In Missouri secretary of state filings, former BCFO Executive Director Crystal Webster is listed as an organizer for both CGB Holdings and The Sister Project. Webster declined to comment for this story. Daues took over for Webster in mid-2019.

The open bidding process began in 2009 under Gov. Jay Nixon, which changed the longtime tradition of awarding license office contracts to the Missouri governor’s political supporters and family members, according to Springfield Business Journal archives.

Last year, the state legislature approved license office fee increases, which equated to more than $47.6 million in processing fees for all contractors statewide in fiscal 2020, according to state data. The total was around a 36% increase from fiscal 2019.

Annual vehicle registration fees increased to $6 from $3.50. Processing for a three-year driver’s license rose to $6 from $2.50, and driver’s licenses of longer than three years jumped to $12 from $5, according to the Department of Revenue.

Fee increases
Around 45 employees work at the BCFO’s license offices, Daues said, noting the fee increases were used for the workers’ benefit.
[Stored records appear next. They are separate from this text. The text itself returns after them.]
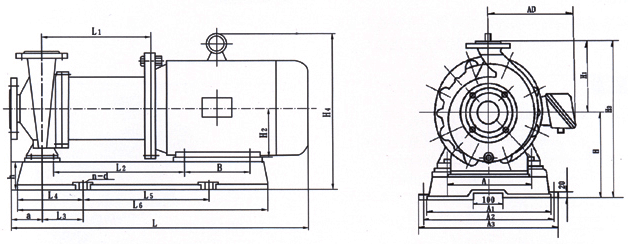 型號 | A | AD | B | L | L1 | H1 | H2 | a | A1 | A2 | A3 | H | H3 | H4 | L2 | L3 | L4 | L5 | L6 | h | n-d |
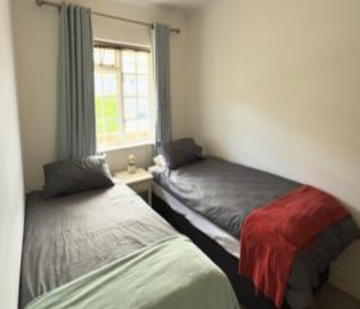 Two Bedrooms: A main bedroom with a queen-size bed and en-suite bathroom, plus a second bedroom with two single beds and built-in storage.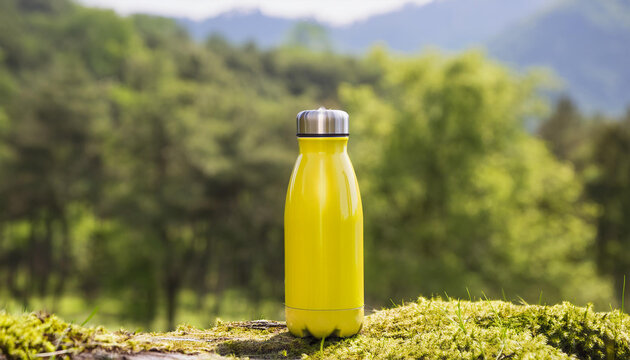 Sustainable yellow metal thermos for drinks. Camping or hiking equipment. Zero waste, plastic free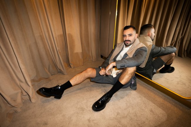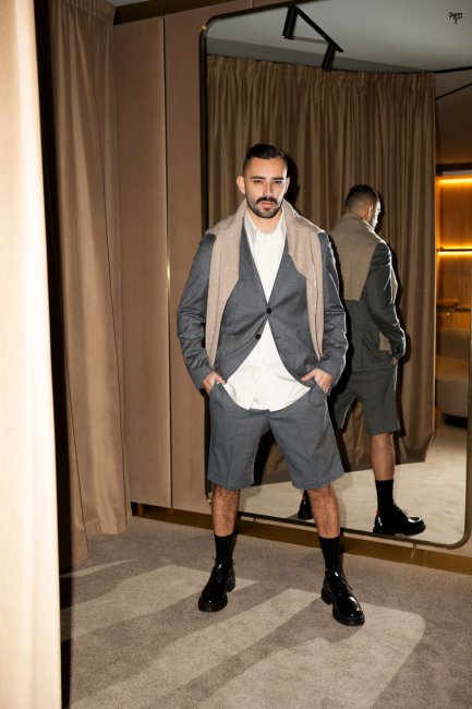 Партнер Havas Digital Kyiv Ден Логвин на сейлах ЦУМ Киев примерил самую актуальную модель мужского костюма последних нескольких и, наверняка, будущих сезонов — двойку с шортами. Наряд Дена собран из шерстяного пиджака LAB Pal Zileri, серых шорт PT Pantaloni, молочной рубашки Lemaire и грубых туфель бренда 424. Как и на примере Дениса, подобные костюмы хорошо смотрятся с высоко подтянутыми носками, а накинутый на плечи свитер, в случае шерстяной Iro, сделает образ более выразительным и интересным.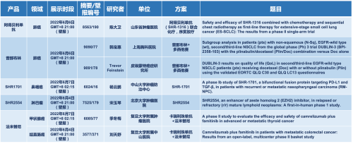 2022 ASCO年会另有5款z6尊龙凯时医药上市前抗肿瘤创新药的相关研究被接收为壁报,包括SHR-1316、普那布林、法米替尼、SHR-1701和SHR2554,他们的单药或联合方案相关7项研究被接收为壁报,覆盖肺癌、鼻咽癌、淋巴瘤、甲状腺癌和结直肠癌等领域。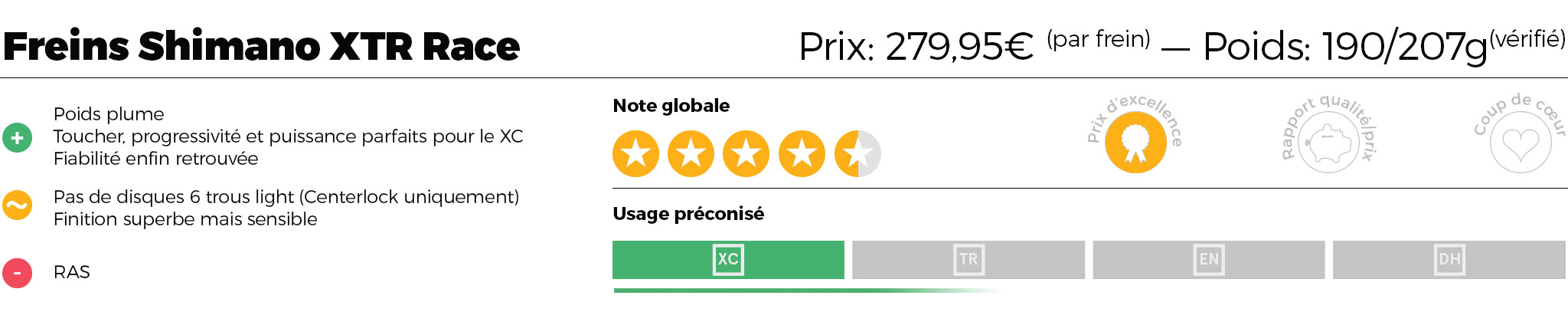 Après un gros loupé sur sa première génération de freins XTR, Shimano a bien redressé la barre. On peut regretter qu’aucun rappel officiel n’ait été lancé même si la sécurité des utilisateurs n’était pas en danger et s’il semble que tous les propriétaires de la première version ne se sont pas plaints des mêmes soucis que nous. Mais il apparaît néanmoins que la marque échange sans difficulté les freins de première génération dont la défectuosité est avérée. Aujourd’hui, on peut enfin apprécier les qualités de ces freins particulièrement légers mais dont les performances sont parfaites pour un usage XC/Marathon exigeant. Espérons qu’il n’y ait plus de ratés à l’avenir, histoire que les freins Shimano retrouvent l’image de fiabilité et de performance qu’ils avaient jusque là.

According to state data, the five offices managed by BCFO generated nearly $2.5 million in processing fees during fiscal 2020. The Glenstone Avenue office was the top grosser of the five with nearly $817,000, followed by Joplin’s office at roughly $695,000.

Daues said 30% raises were given to all employees of its five license offices. Additionally, health, vision and dental benefits were offered for the first time.

“I felt it was the responsible thing to do since the state allowed us to collect more money for these transactions,” he said. “Many of these people were making $9, $10 an hour. We wanted to make sure we started compensating them appropriately.”

The nonprofit helps those diagnosed with breast cancer with household financial needs, such as rent, car payments and utilities, as well as free mammograms and support groups, according to its website. Daues said money BCFO makes from the license office has traditionally been used to cover its administrative costs.

“This changed this year with the higher fees we were allowed to charge,” he said. “We were able to cover some of our program costs with some of that money from the license office.”

Daues said he’s hopeful about the nonprofit’s chances with the state bidding process. However, he said during SBJ’s 12 People You Need to Know live interview Nov. 17 that BCFO has another opportunity in the works that could replace the license office revenue.

He declined to disclose details of the alternative, only calling it “a big one that we’ve been considering for a year now.”

Web Editor Geoff Pickle contributed.